EXERCISE PROMPT → Restate the whole listing below word for word and keep the images out.

··· DATA SHOWN ···

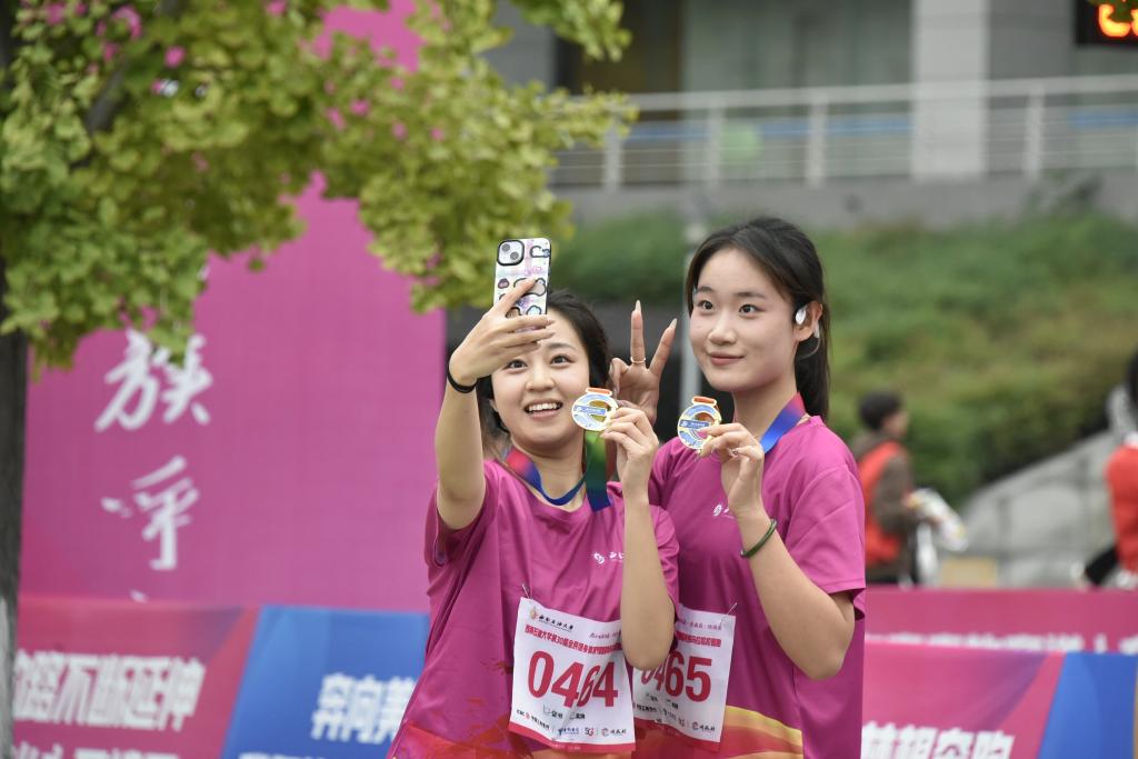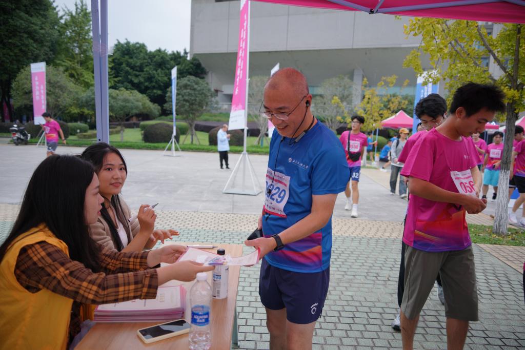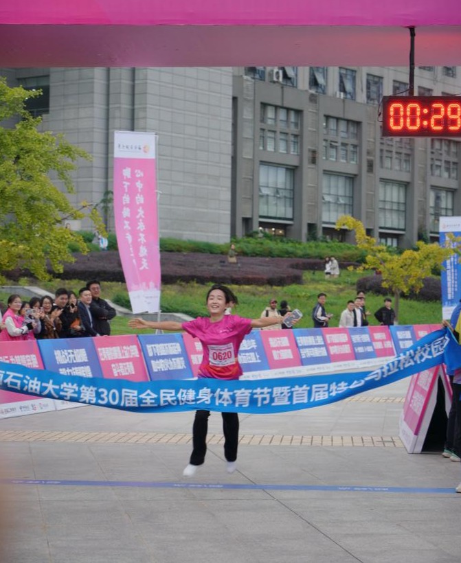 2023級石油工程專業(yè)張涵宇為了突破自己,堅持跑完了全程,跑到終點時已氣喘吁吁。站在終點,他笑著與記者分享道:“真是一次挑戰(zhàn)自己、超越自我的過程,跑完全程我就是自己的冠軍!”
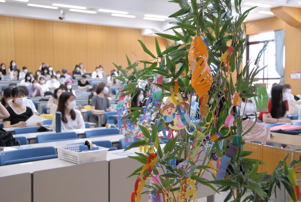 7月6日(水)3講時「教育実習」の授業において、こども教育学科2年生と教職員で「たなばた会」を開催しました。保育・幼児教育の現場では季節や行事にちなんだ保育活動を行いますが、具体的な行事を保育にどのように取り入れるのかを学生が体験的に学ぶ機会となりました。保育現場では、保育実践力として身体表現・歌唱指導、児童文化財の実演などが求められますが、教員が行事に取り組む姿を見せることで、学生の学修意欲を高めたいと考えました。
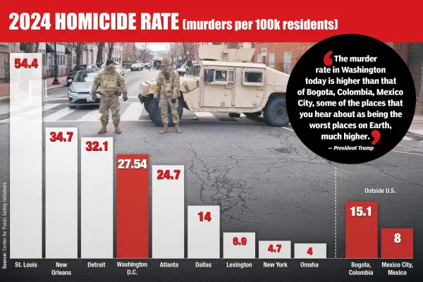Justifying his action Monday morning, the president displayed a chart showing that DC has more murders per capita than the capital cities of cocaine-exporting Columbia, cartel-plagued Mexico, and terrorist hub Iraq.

···

TASK ANSWER →
 2023級石油工程專業(yè)張涵宇為了突破自己,堅持跑完了全程,跑到終點時已氣喘吁吁。站在終點,他笑著與記者分享道:“真是一次挑戰(zhàn)自己、超越自我的過程,跑完全程我就是自己的冠軍!”
 7月6日(水)3講時「教育実習」の授業において、こども教育学科2年生と教職員で「たなばた会」を開催しました。保育・幼児教育の現場では季節や行事にちなんだ保育活動を行いますが、具体的な行事を保育にどのように取り入れるのかを学生が体験的に学ぶ機会となりました。保育現場では、保育実践力として身体表現・歌唱指導、児童文化財の実演などが求められますが、教員が行事に取り組む姿を見せることで、学生の学修意欲を高めたいと考えました。
Justifying his action Monday morning, the president displayed a chart showing that DC has more murders per capita than the capital cities of cocaine-exporting Columbia, cartel-plagued Mexico, and terrorist hub Iraq.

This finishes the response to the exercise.